▶ Stored dataset items

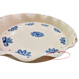 Objevte kouzlo tradičního pečení s naší ručně vyráběnou kameninovou formou na koláč nebo pizzu. Každý kus je pečlivě vytvořen s láskou a precizností, což zaručuje jedinečnost a kvalitu. Tento kus je plně funkční, ale nese kosmetickou vadu - drobný odštípnutý kousek na horním okraji (velikost asi 0,5cm x 0,5cm). Viz. fotogalerie. Tato nedokonalost je pouze vizuální a nemá žádný vliv na funkčnost.
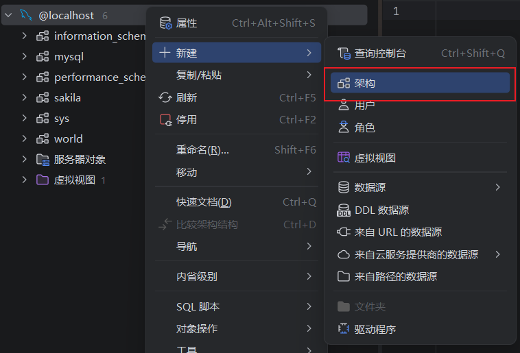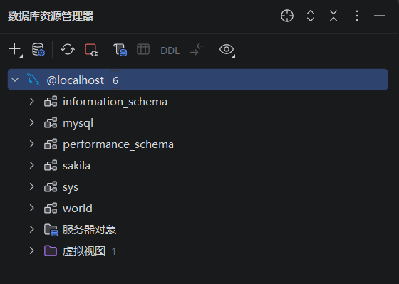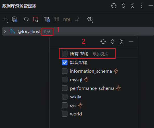 连接上了MySQL服务之后,并未展示出所有的数据库,此时,我们需要设置,展示所有的数据库,具体操作如下:
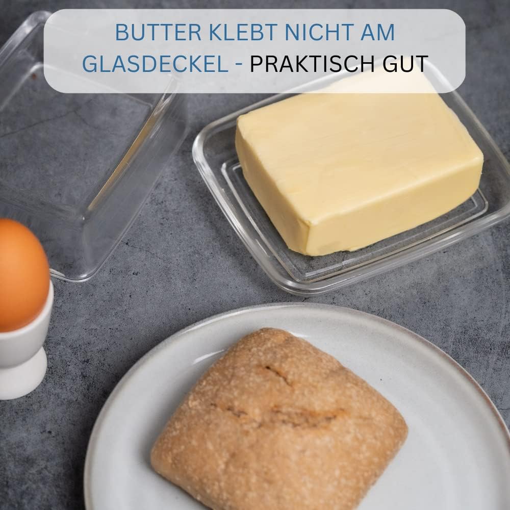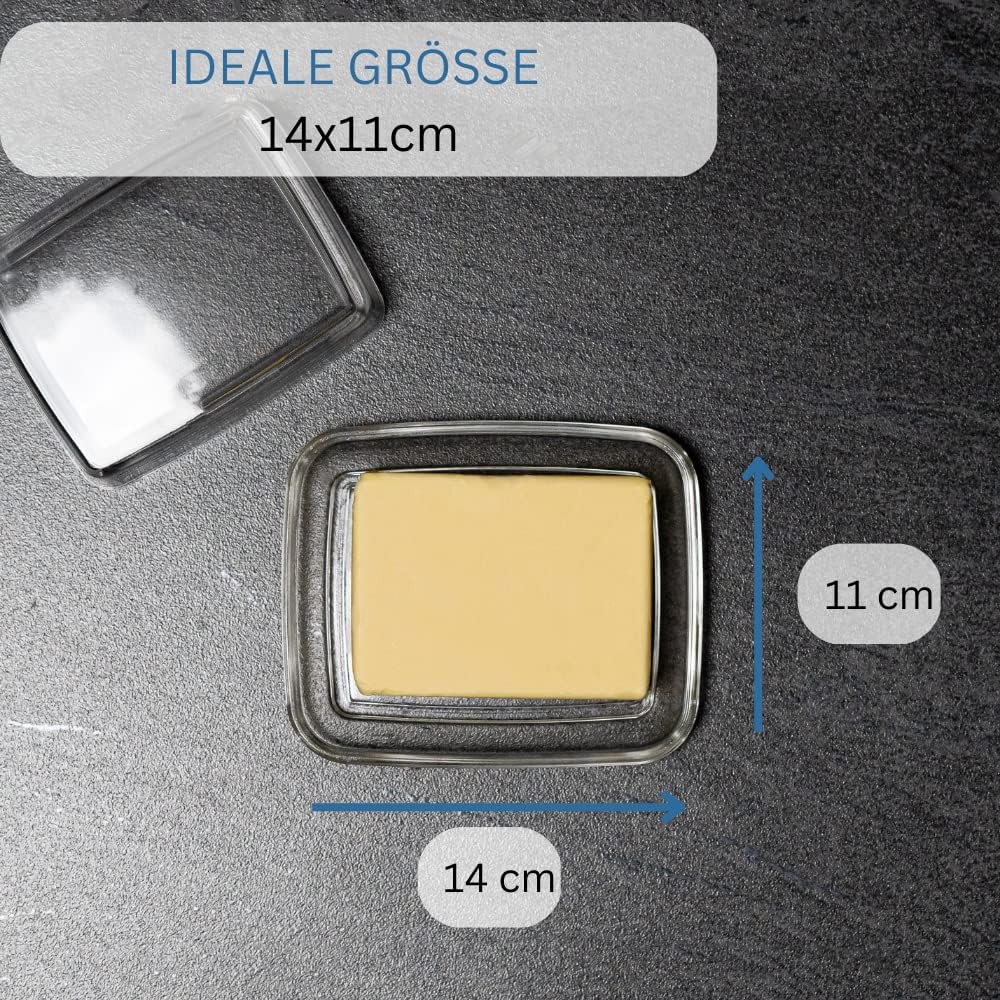 Glass butter dish for storing butter in the fridge, also suitable for serving. Everything at a glance: thanks to the transparent lid, you have a quick overview of the remaining butter, lid with special relief for secure grip. No slipping. High frame ensures that the lid and butter are in place. Easy to clean by hand, dishwasher-safe, BPA-free. Box contents: 1 x Westmark butter dish, dimensions: 14.3 x 11.8 x 5.0 cm. 5 cm, 5 cm cm, Colour: transparent, 20852260
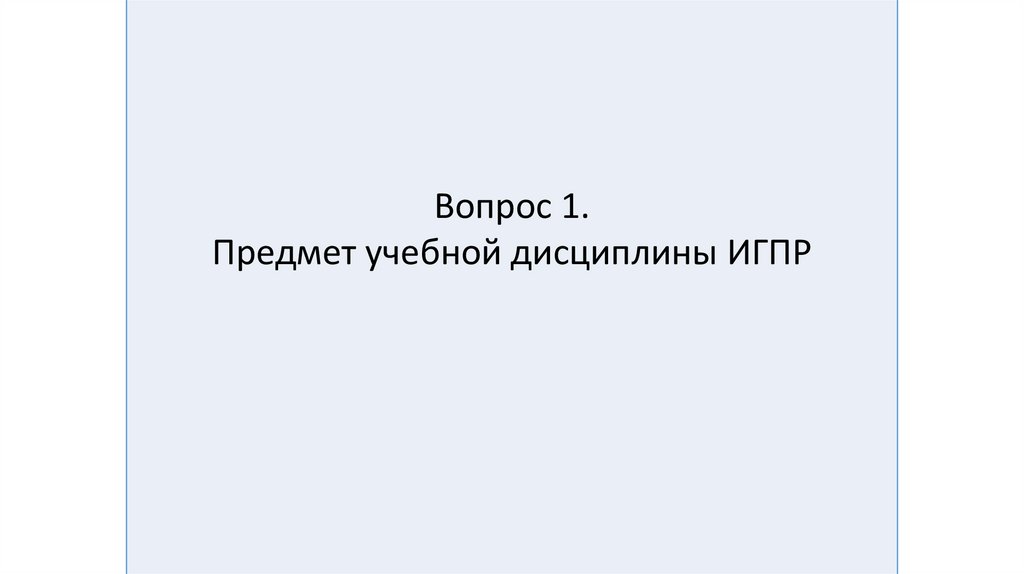 Вопрос 1.Предмет учебной дисциплины ИГПР
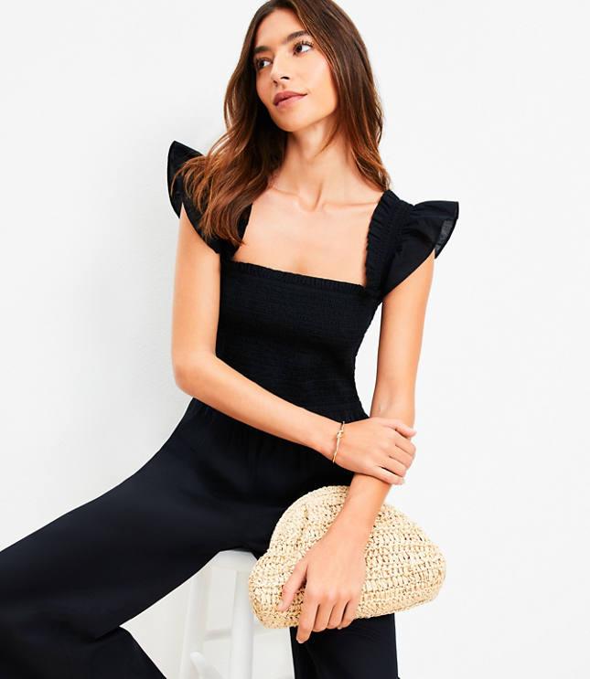 LOFT BEACH SMOCKED RUFFLE STRAP JUMPSUIT
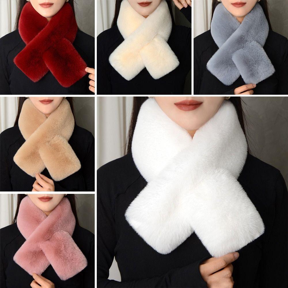 Thickened Cross Scarf Plush Faux Rabbit Fur Scarf Cute Neckerchief Wrap Autumn Winter
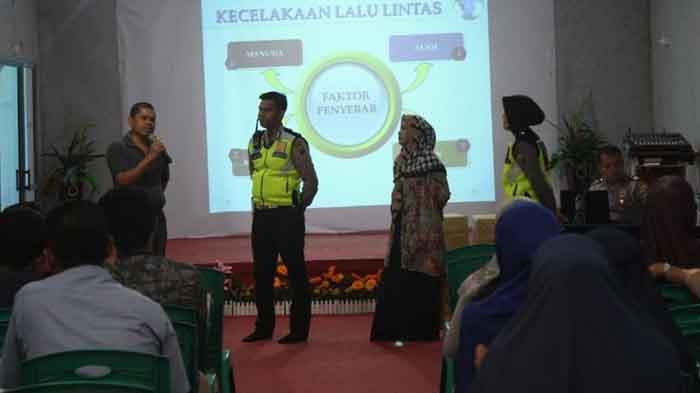 TRIBUNPEKANBARU.COM, PEKANBARU- Sat Lantas Polresta Pekanbaru melakukan sosialisasikan tertib berlalu lintas di SMP Islam As Shofa Pekanbaru, Jumat (20/7/2018).
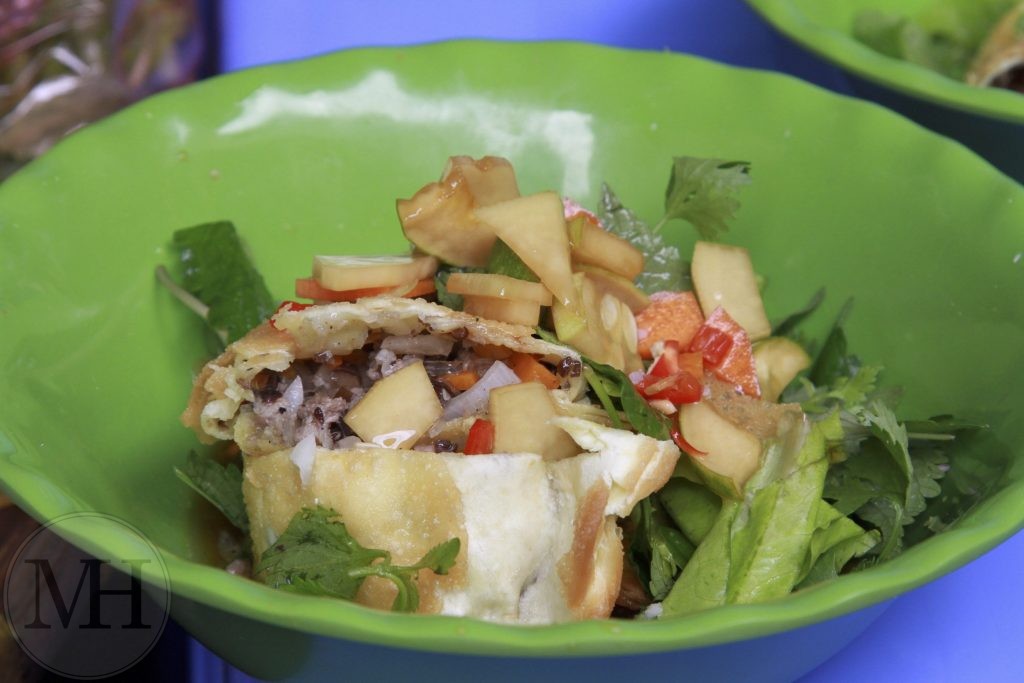 Næste stop på turen lå på et hjørne midt mellem markedsboderne. Endnu engang blev vi bænket på små skamler og fik serveret et måltid, der stadig står for os som noget af det bedste fik fik på hele turen. Vi fik små fyldte rispandekager, der var stegt og så med en sauce og friske krydderurter til. Det var en smagseksplosion af de store og med både blødt, sprødt, friskt og spicy. Hold nu op, det var lækkert! Tænk engang, at man kan trylle SÅ meget på et gadehjørne!

▶ WHAT TO PRODUCE
Your task is to restate every record word for word. Omit all pictures.

▶ RESPONSE BELOW
 Objevte kouzlo tradičního pečení s naší ručně vyráběnou kameninovou formou na koláč nebo pizzu. Každý kus je pečlivě vytvořen s láskou a precizností, což zaručuje jedinečnost a kvalitu. Tento kus je plně funkční, ale nese kosmetickou vadu - drobný odštípnutý kousek na horním okraji (velikost asi 0,5cm x 0,5cm). Viz. fotogalerie. Tato nedokonalost je pouze vizuální a nemá žádný vliv na funkčnost.
 连接上了MySQL服务之后,并未展示出所有的数据库,此时,我们需要设置,展示所有的数据库,具体操作如下:
 Glass butter dish for storing butter in the fridge, also suitable for serving. Everything at a glance: thanks to the transparent lid, you have a quick overview of the remaining butter, lid with special relief for secure grip. No slipping. High frame ensures that the lid and butter are in place. Easy to clean by hand, dishwasher-safe, BPA-free. Box contents: 1 x Westmark butter dish, dimensions: 14.3 x 11.8 x 5.0 cm. 5 cm, 5 cm cm, Colour: transparent, 20852260
 Вопрос 1.Предмет учебной дисциплины ИГПР
 LOFT BEACH SMOCKED RUFFLE STRAP JUMPSUIT
 Thickened Cross Scarf Plush Faux Rabbit Fur Scarf Cute Neckerchief Wrap Autumn Winter
 TRIBUNPEKANBARU.COM, PEKANBARU- Sat Lantas Polresta Pekanbaru melakukan sosialisasikan tertib berlalu lintas di SMP Islam As Shofa Pekanbaru, Jumat (20/7/2018).
 Næste stop på turen lå på et hjørne midt mellem markedsboderne. Endnu engang blev vi bænket på små skamler og fik serveret et måltid, der stadig står for os som noget af det bedste fik fik på hele turen. Vi fik små fyldte rispandekager, der var stegt og så med en sauce og friske krydderurter til. Det var en smagseksplosion af de store og med både blødt, sprødt, friskt og spicy. Hold nu op, det var lækkert! Tænk engang, at man kan trylle SÅ meget på et gadehjørne!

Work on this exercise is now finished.